Gelecekte maaşlar gerçekten tehlike altında mı? Diye soran Dilbaz, Bakan Işıkhan’ın daha önceki açıklamalarına atıfta bulunarak, “20 yıl pirim ödeyip, 30 yıl boyunca maaş alıyorsunuz ve ölümlü varsa, eşiniz veya çocuklarınız maaş almaya devam ediyor” sözlerinin, maaşların gelecekte risk altında olduğunu gösterdiğine dikkat çekti. Ayrıca, Sosyal Güvenlik Kurumu (SGK) yasasını ve mevzuatını incelemenizi öneriyoruz. Sosyal güvenliğin, devlet garantisi altında çalışanlara sağlanan ekonomik bir güvence olduğunu, emeklilik, hastalık, doğum ve ölüm gibi nedenlerle oluşabilecek kayıplara karşı koruyucu sigorta hizmetlerini kapsadığını anlatıyor.
Emeklilik hakları arasında; emeklilik, hastalık ve yaralanma sigortaları, çocuk ve yaşlı yardımları, işsizlik ödeneği, yoksulluk yardımları, konut ve sağlık yardımları, işgücü destekleri ve eğitim hizmetleri yer alıyor. Ancak, Bakan’ın yaptığı değerlendirmelerde, emekli maaşlarını Mısır’daki durumla kıyasladığını ve yaklaşık 100 dolar aldıklarını iddia ettiğini belirten Dilbaz, “Farklı ülkelerle kıyaslamıyor; Almanya, Fransa veya İngiltere gibi gelişmiş ülkelerin sosyal yardımlarını görmezden geliyor” dedi. Hatta, pandemi sürecinde belediyelerin sağladığı destekleri kısıtladıklarını ve bu yardımların kesildiğini hatırlattı. En düşük emekli maaşının aslında yaklaşık 8 bin TL civarında olduğunu, ancak sistemin yanlış yönlendirmeleriyle insanların adeta köleleştirildiğini vurguladı.
Akıllardaki soru: Emekli maaşları neden bu seviyeye getirildi? Diyerek, devletin desteğiyle maaşların 16 bin 881 TL’ye yükseldiğini öne sürerek, insanların bu maaşlar altında yaşamaya zorlandığını vurguladı. Eski zamanlarda alınan asgari ücretle kıyaslandığında, emekli maaşlarıyla ev, araba veya tatil hayallerinin çalındığını dile getirdi. Ayrıca, “EYT’nin siyaseten yapıldığını” ve sözde “damga vergisi ile gelir vergisinin kaldırıldığını” iddia edenlere de sert tepki gösterdi.
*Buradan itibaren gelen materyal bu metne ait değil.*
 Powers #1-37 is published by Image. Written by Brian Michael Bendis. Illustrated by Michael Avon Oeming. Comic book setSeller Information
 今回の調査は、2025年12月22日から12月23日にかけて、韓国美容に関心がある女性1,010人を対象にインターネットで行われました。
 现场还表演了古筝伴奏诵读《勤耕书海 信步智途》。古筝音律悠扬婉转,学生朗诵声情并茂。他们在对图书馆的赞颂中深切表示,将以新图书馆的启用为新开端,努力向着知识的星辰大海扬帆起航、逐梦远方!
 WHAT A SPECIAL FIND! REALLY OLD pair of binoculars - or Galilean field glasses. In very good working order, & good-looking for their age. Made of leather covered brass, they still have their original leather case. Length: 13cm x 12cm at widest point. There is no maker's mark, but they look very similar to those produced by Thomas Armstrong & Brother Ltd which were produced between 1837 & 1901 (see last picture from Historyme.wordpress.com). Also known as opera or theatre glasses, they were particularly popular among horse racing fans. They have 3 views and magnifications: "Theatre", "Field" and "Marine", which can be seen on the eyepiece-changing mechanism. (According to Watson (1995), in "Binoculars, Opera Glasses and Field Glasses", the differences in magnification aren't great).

Bu kararların gerçek anlamda bir rahatlama getirmediğini, aksine maaşların düşürülmesine ve ekonomik yükün arttığına dikkat çekti.
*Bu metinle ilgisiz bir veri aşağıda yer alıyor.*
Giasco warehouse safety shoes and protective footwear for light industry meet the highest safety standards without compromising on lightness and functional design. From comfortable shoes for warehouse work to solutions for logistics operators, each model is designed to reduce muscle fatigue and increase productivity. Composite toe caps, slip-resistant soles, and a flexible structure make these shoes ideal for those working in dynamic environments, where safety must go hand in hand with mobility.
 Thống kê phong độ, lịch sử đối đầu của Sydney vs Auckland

Özellikle, 14 bin TL civarında maaş alan emeklinin, vergiler ve KDV gibi kesintiler sonrasında net gelirinin daha da azaldığını ifade ederek, “Emeklinin maaşı her geçen gün eriyor” mesajını verdi. Ayrıca, 3600 gün prim ödeme şartıyla emekli olan ve bunlar 50 yaş altında olan kişiler hakkında sorular sordu. Sistem her yerde olduğu gibi tek olduğunu, diğer emeklililerin neden 9 bin prim gününe zorlandığını ve emekliliğin neden bu kadar karmaşık hale getirildiğini sorguladı. Ayrıca, Emeklilere aktarılan toplam kaynakların her yıl arttığını vurgulayarak, “840 milyar ödeme yaptınız, bu yıl 1 trilyon 200 milyar olacak. Fabrikaları, limanları ve madenleri neden sattınız? Bu gelirleri nereye harcadınız?” şeklinde eleştirilerde bulundu.